Esta não é a primeira controvérsia que Morales enfrenta em seu primeiro ano de mandato. Um período em que a Marinha aumentou as concessões concedidas pelo governo não só nas áreas de segurança e inteligência, mas também em tarefas civis estratégicas como a gestão de portos, alfândegas e aeroportos. E os seus poderes alargados para responder a catástrofes naturais estão reflectidos no recente Plano Marinho. O maior caso de corrupção durante este período de seis anos foi fabricado nos mais altos escalões da Marinha. A megaconspiração do contrabando de combustíveis chamou a atenção do público para o chamado huajicol fiscal. A rede foi descoberta em setembro, mas o governo disse que a acompanha há pelo menos dois anos, representando um buraco nos cofres do governo de pelo menos 150 milhões de dólares. O caso, que até agora inclui 14 detidos, incluindo seis marinheiros de alta patente, três empresários e cinco funcionários da alfândega, é um duro golpe para a Marinha. O Departamento de Guerra, a instituição mais valiosa dentro e fora do país, ainda tinha uma aura de incorruptibilidade.

Ainda há acusados ​​que precisam ser presos. Em primeiro lugar, um dos dois instigadores da trama, o almirante Fernando Farias Laguna, sobrinho político do ex-secretário da Marinha Rafel Ojeda. Semanas após a divulgação do escândalo, o secretário de Estado Morales aproveitou o desfile militar do Dia da Independência para enviar uma mensagem incomum na tradição de aparições públicas de líderes militares. Sem meias palavras, o comandante naval falou diretamente sobre isso: “Foi muito difícil aceitar isso, mas permanecer em silêncio sobre isso seria imperdoável. O mal teve um fim decisivo; não encontrou lugar nem abrigo na Marinha. Nós mesmos assumimos o comando, porque a luta contra a corrupção e a impunidade é uma parte central da transformação”.

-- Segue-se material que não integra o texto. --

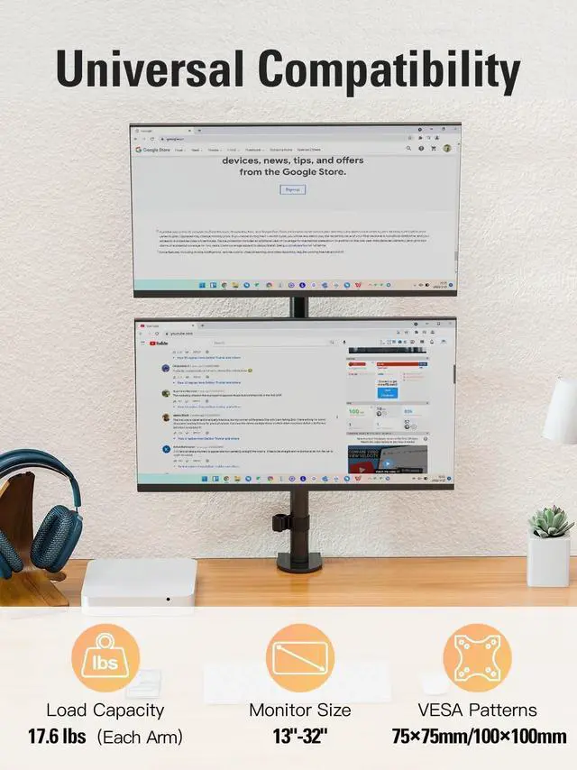 ^^ Wide Compatibility: This vertical monitor stand supports most 13-32 inch screens (up to 17.6 lbs per arm) and is compatible with VESA 75x75mm and 100x100mm patterns for versatile setup options.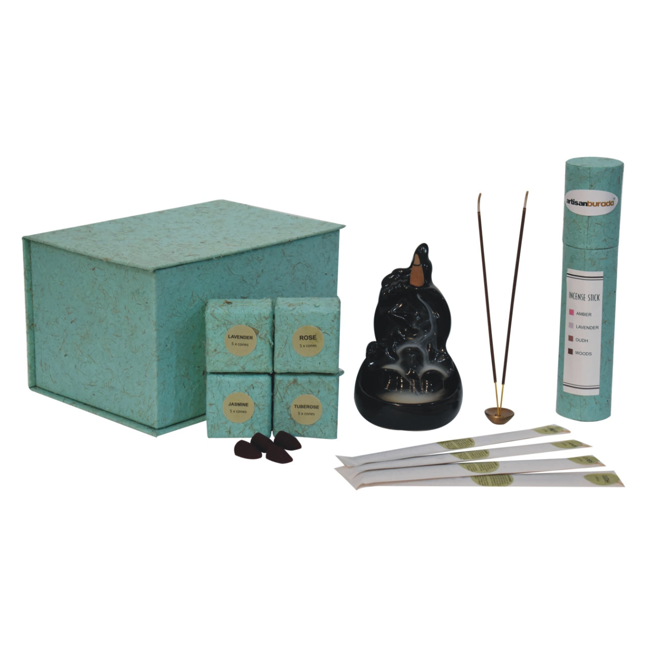 The backflow fountain burner set is exquisitely crafted and features a unique temple style design, ideal as a gift for friends and family. The set includes a backflow burner, incense holder, fragrant backflow cones in Rose, Lavender, Jasmine, Tuberose and fragrant inscense sticks in Amber, Lavender, Oudh and Woods. The incense burner can clean a calm and peaceful environment with the smoke being created in the air to maintain a pleasant body and mind, and improve the efficiency of work and quality of life .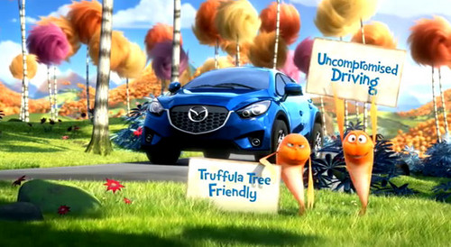 It is actually two commercials in one. Dr. Seuss’ characters help promoting the CX-5 and it then promotes Dr. Seuss’ The Lorax movie.
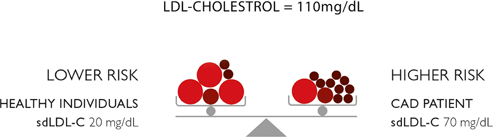 As sdLDL-C is particularly atherogenic, a person with elevated sdLDL-C levels has a 3-fold increased risk of myocardial infarction (MI)2.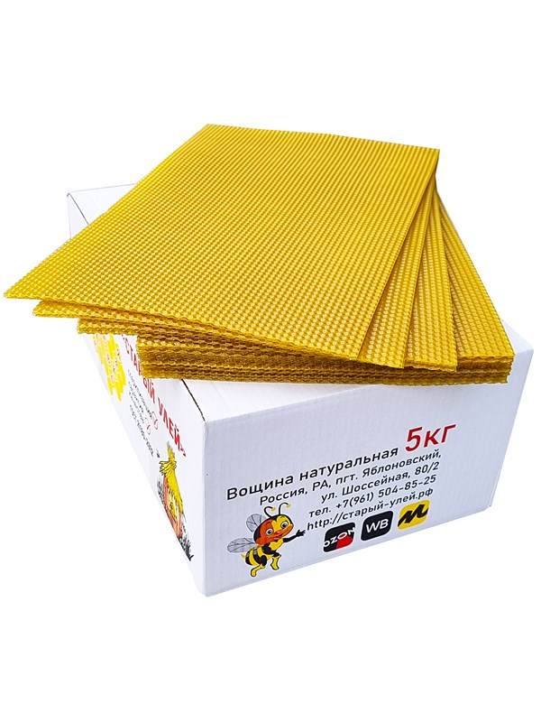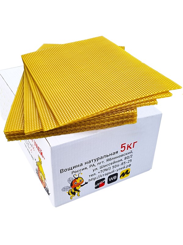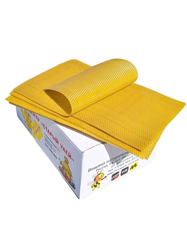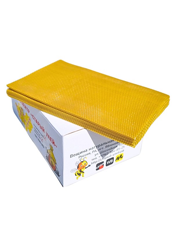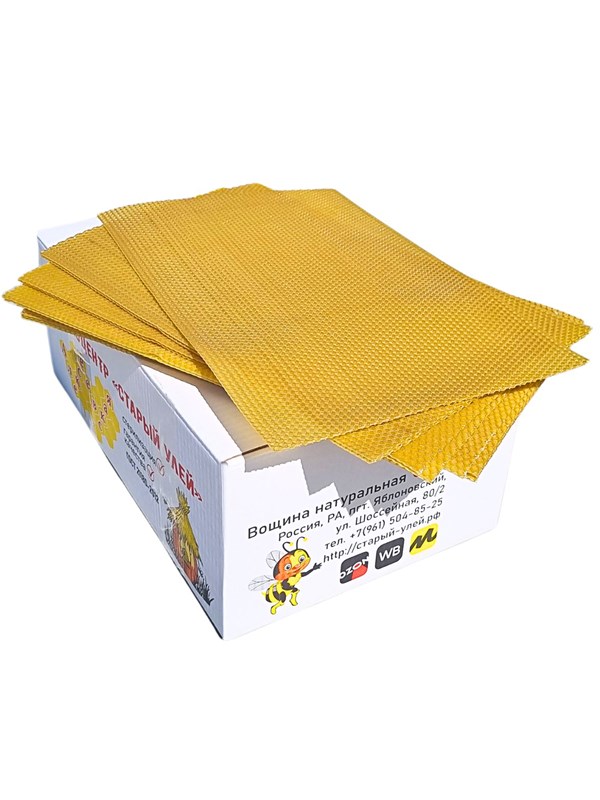 Вощина упакована в картонную упаковку. В упаковке содержится 63±2 листа.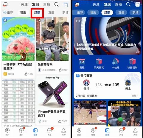 部分用户从这里进入后,还能看到显眼的“NBA”Tab标签,页面内聚合NBA赛事的短视频内容以及交流讨论区。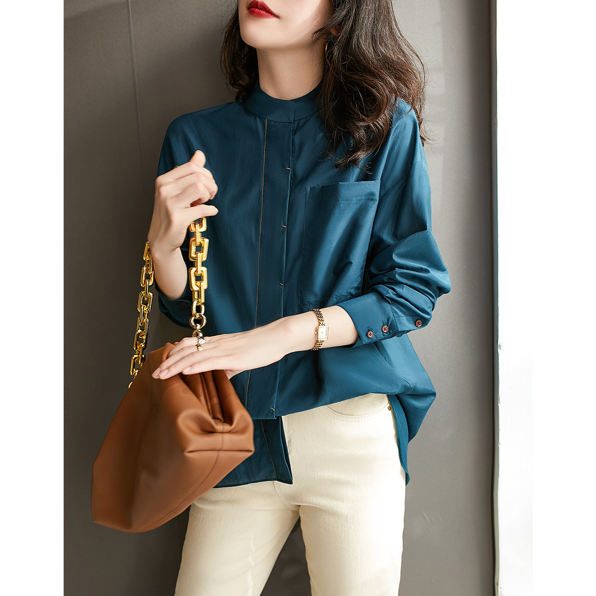 [CY222320AG]好温柔深湖绿衬肤白设计感小众大口袋蓝色衬衫女士热门设计联盟服务商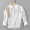 Spring and Summer Long Sleeve White Shirts for Men Street Style Striped Patchwork Shirts Male Casual Pure Cotton Top Youth Fashion Men Clothing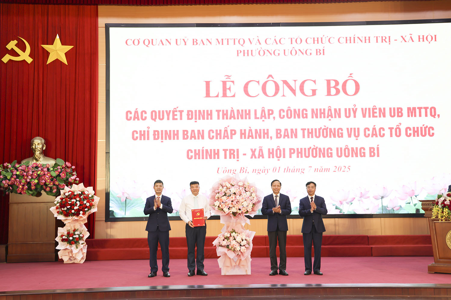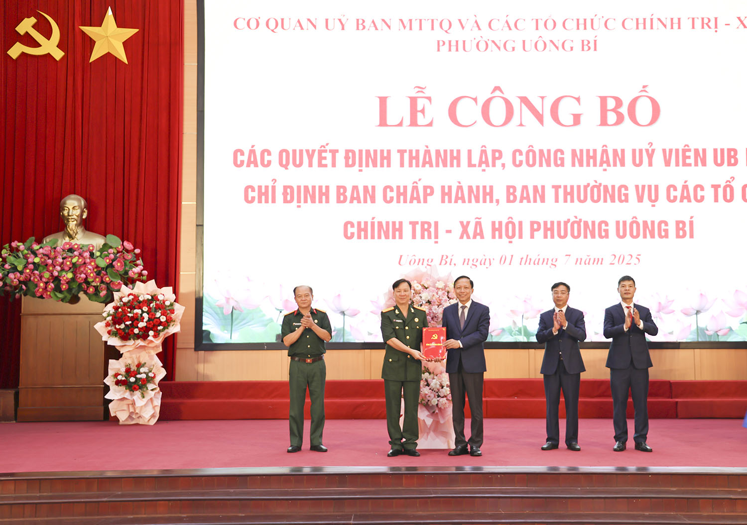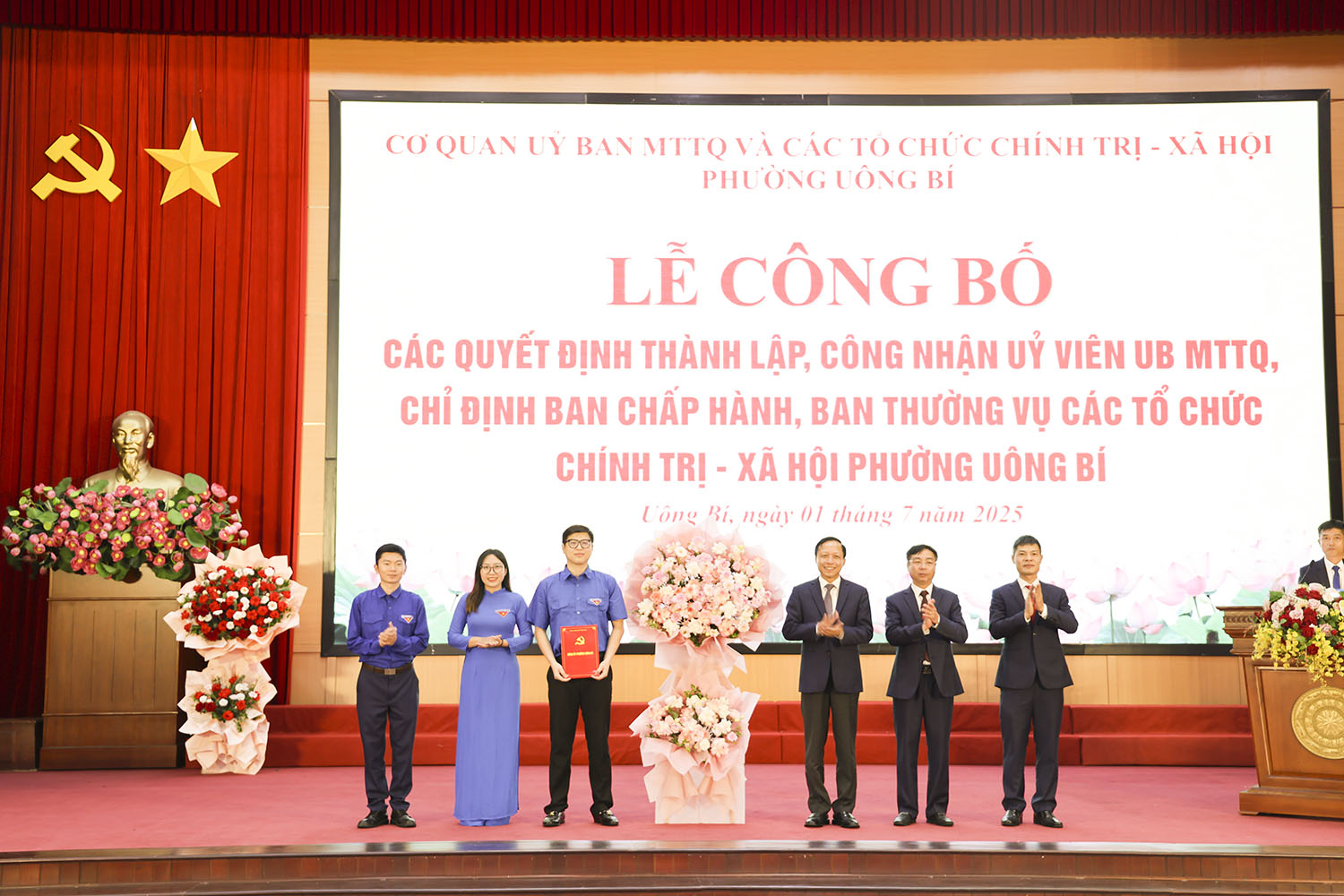 Ngày 01/7, tại Trung tâm tổ chức hội nghị phường Uông Bí đã diễn ra lễ công bố các quyết định thành lập, công nhận Ủy viên Ủy ban MTTQ và chỉ định Ban Chấp hành, Ban Thường vụ các tổ chức chính trị - xã hội của phường. Dự hội nghị có các đồng chí: Nguyễn Chiến Thắng, Bí thư Đảng ủy, Chủ tịch Hội đồng Nhân dân phường; Đào Ngọc Sơn, Phó Bí thư Thường trực Đảng ủy phường.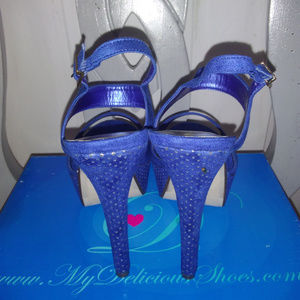 Delicious Heel. Beautiful blue color with silver polka dots located along the heel.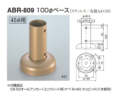 シロクマ アプローチ手すり用パーツ ABR-809 直径45mm 直径100mmベース AG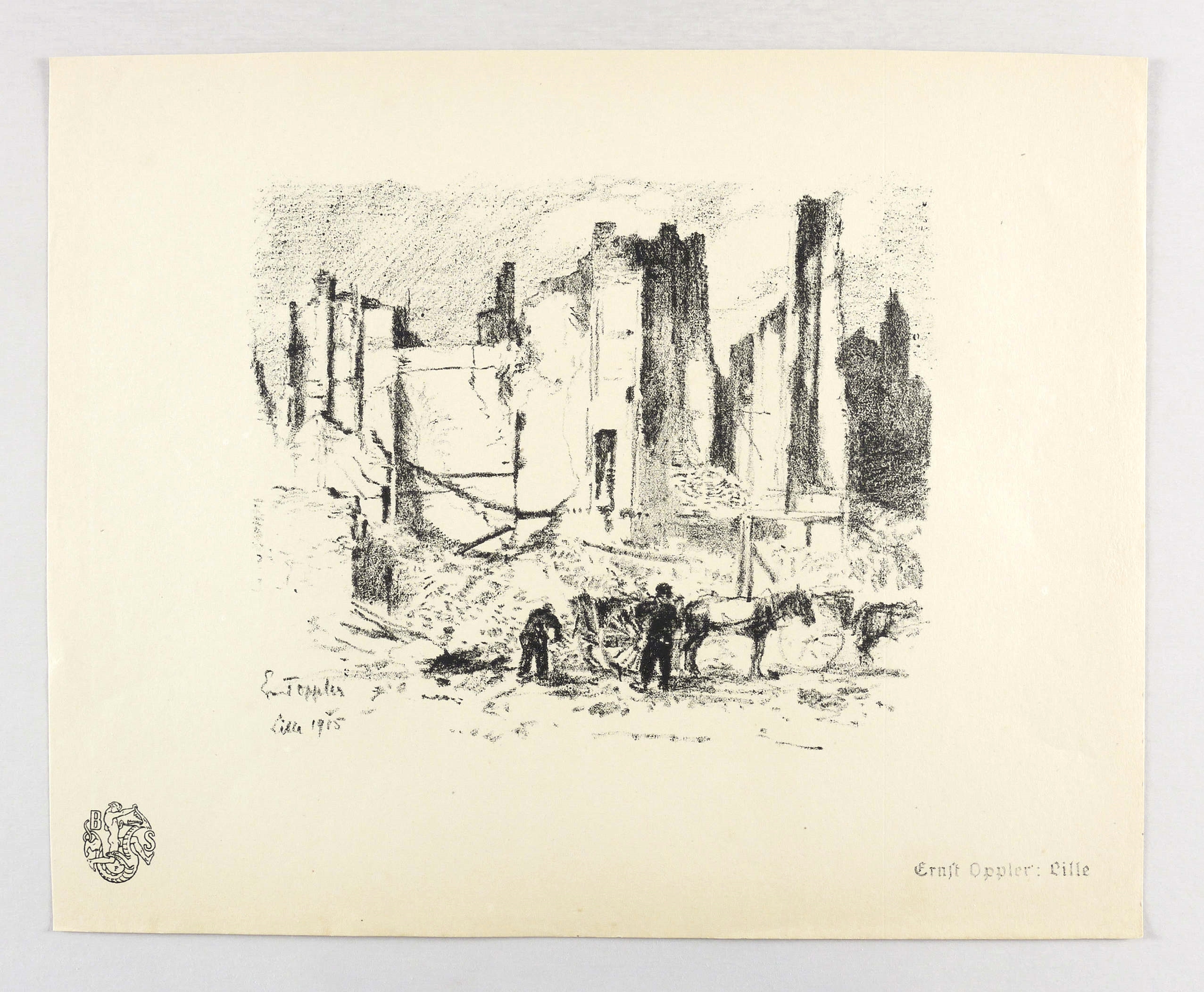 Aus: Krieg und Kunst. Original-Steinzeichnungen der Berliner Sezession (Berlin: Julius Bard 1915). – Nicht handsigniert. Im Stein links unten signiert und datiert: ″E. Oppler / Lille 1915″. Im Blattrand rechts unten typografisch bezeichnet: ″Ernst Oppler: Lille″. Links unten Vignette der Berliner Secession. – Originalrandiges Exemplar. Leichte Randmängel, Blattkanten geringfügig knickspurig. Papier altersbedingt leicht gegilbt. Guter Zustand.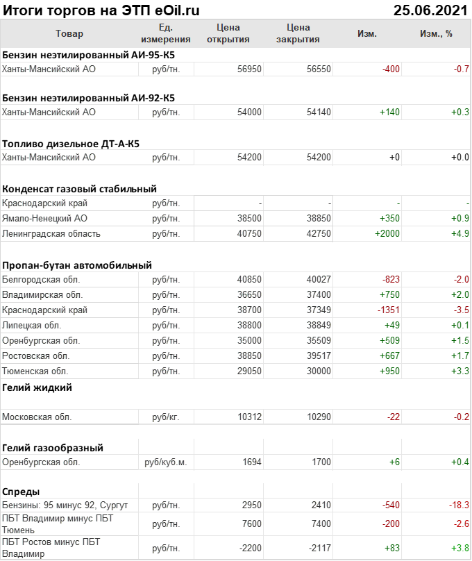Итоги торгов на ЭТП eOil.ru 25 июня 2021

Alguns meses antes do buraco em Huachicola, um navio da Marinha mexicana colidiu com a ponte do Brooklyn, em Nova York, matando dois cadetes. Desastre do navio de treinamento Cuauhtemocuma espécie de embaixador flutuante do México e uma classe marítima para gerações de capitães, oficiais e cadetes navais, prejudicaram a imagem desta instituição de ensino. O secretário Morales veio então à tona para defender a Marinha, argumentando que a responsabilidade pelo navio nessas águas cabia ao piloto especializado do porto do governo de Nova York. “Quem decide como será realizada a manobra e quais meios serão utilizados para ajudar? É o piloto do porto”, enfatizou Morales.

A difícil relação bilateral com a administração de Donald Trump coloca o Secretário da Marinha numa posição muito exigente. La Armanda tem sido tradicionalmente a maior, senão a única, força de segurança mexicana em que as autoridades dos EUA confiam. Ao mesmo tempo, os ataques de drones a supostos navios de tráfico venezuelanos nas Caraíbas, em águas internacionais, mas muito perto da costa mexicana, forçaram o governo Sheinbaum a dar um passo em frente. Em outubro, a presidente disse ter chegado a um acordo com a Casa Branca. A Marinha Mexicana será responsável pela interceptação dessas embarcações. O acordo alcançado por Sheinbaum é, em muitos aspectos, um firewall para impedir que os ataques se espalhem para o México. E a primeira doca de contenção é a Marinha sob a liderança do Almirante Morales.